Stored data ::
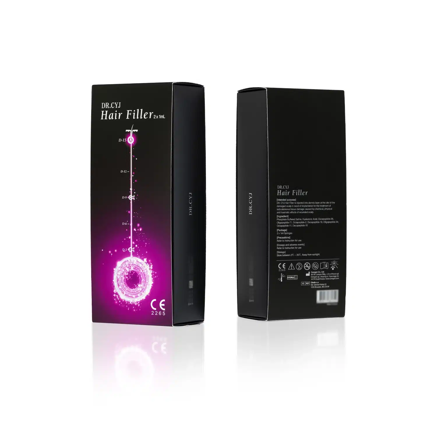 CYJ Hair Filler 2x1ml is a scalp revitalization injectable designed to treat subcutaneous tissue damage caused by chemical, physical, or traumatic effects. It contains 0.7% non-animal Hyaluronic Acid and a patented peptide complex that helps to stimulate hair regrowth, improve scalp condition, and reduce hair loss. The product comes as a clear, sterile, single-use solution and is injected into the superficial or medium dermis of the scalp. It is particularly effective for early stages of alopecia, damaged scalp, and as a post-procedure booster for transplant patients.
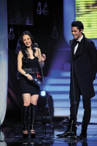 2009MTV超級盛典昨天在大劇院舉行。成龍、莫文蔚、WonderGirls、飛輪海齊齊成為座上賓,可誰都沒有阿嬌遭遇如此大的尷尬與障礙。先是因為贊助商與自己代言的品牌沖突,導(dǎo)致電視臺拍攝的畫面無法播出,后是在臺上與混血模特?zé)o法用英文順暢交流,令她在臺上連喊“尷尬”。
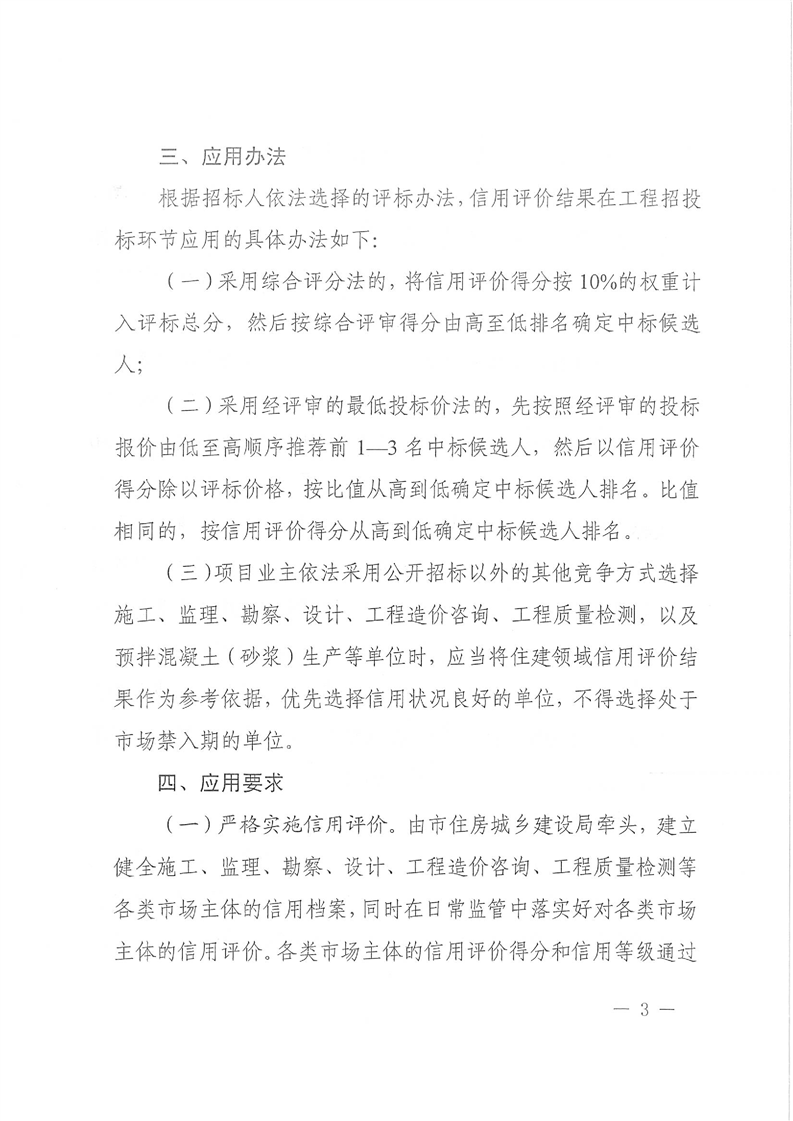 關(guān)于將住建領(lǐng)域信用評(píng)價(jià)結(jié)果應(yīng)用在工程招投標(biāo)環(huán)節(jié)的通知
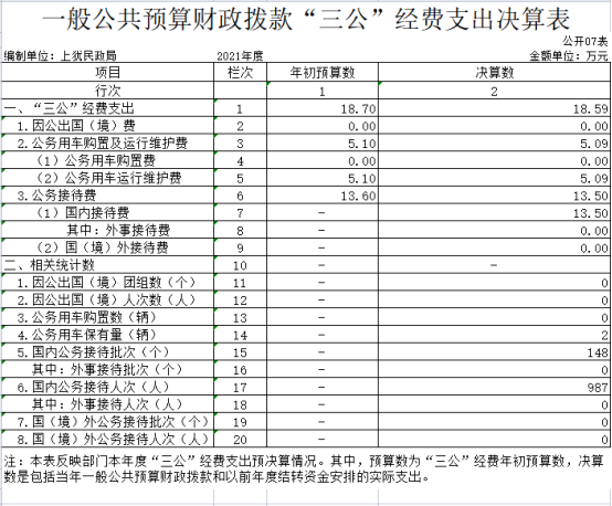 六、“三公”經(jīng)費:指各部門因公出國(境)費、公務(wù)用車購置及運行費和公務(wù)接待費。其中,因公出國(境)費指單位公務(wù)出國(境)的住宿費、旅費、伙食補助費、雜費、培訓(xùn)費等支出;公務(wù)用車購置及運行費指單位公務(wù)用車購置費及租用費、燃料費、維修費、過路過橋費、保險費、安全獎勵費用等支出;公務(wù)接待費指單位按規(guī)定開支的各類公務(wù)接待(含外賓接待)支出。
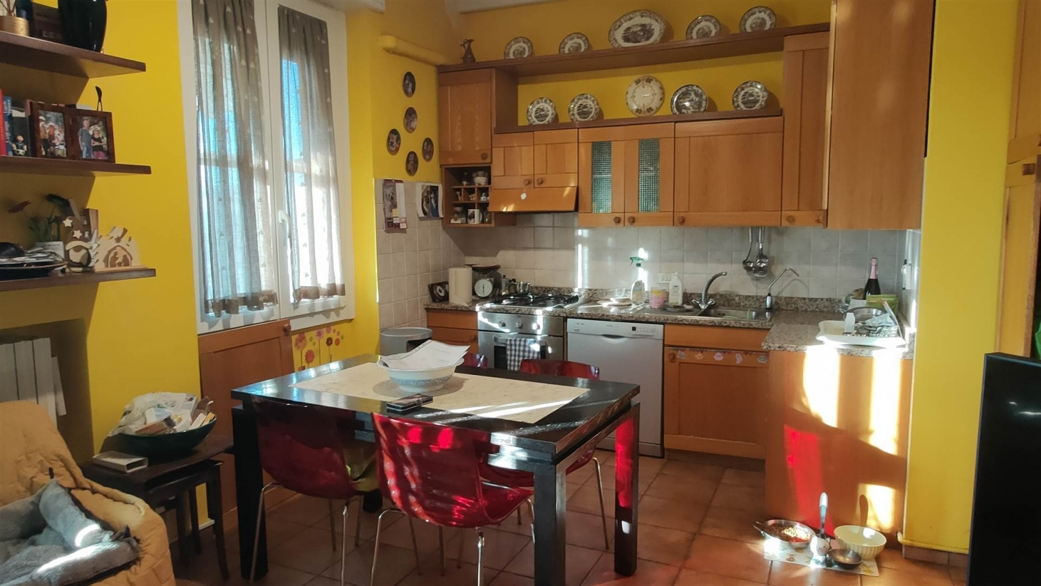 In centro paese bello e luminoso trilocale semiarredato con balcone e cantina. L'immobile è composto da: ingresso direttamente in soggiorno con cucina a vista con l'uscita sul balcone, disimpegno, 2 camere ed 1 bagno. A completamento vi sono le tende da sole, le zanzariere, l'aria condizionata e l'ampia cantina al piano sem:interrato. pro: immobile ristrutturato, tranne il bagno; è stato effettuato il 110%; fotovoltaico; centro paese..contro: piano secondo senza ascensore; bagno sistemato non di recente. classe energetica: a1

What is expected ::
Taking the records above, print only and exactly the lines from the line with "2009MTV超級盛典昨天在" to the line with "關(guān)于將住建領(l", both kept, and exclude pictures.

Result ::
 2009MTV超級盛典昨天在大劇院舉行。成龍、莫文蔚、WonderGirls、飛輪海齊齊成為座上賓,可誰都沒有阿嬌遭遇如此大的尷尬與障礙。先是因為贊助商與自己代言的品牌沖突,導(dǎo)致電視臺拍攝的畫面無法播出,后是在臺上與混血模特?zé)o法用英文順暢交流,令她在臺上連喊“尷尬”。
 關(guān)于將住建領(lǐng)域信用評(píng)價(jià)結(jié)果應(yīng)用在工程招投標(biāo)環(huán)節(jié)的通知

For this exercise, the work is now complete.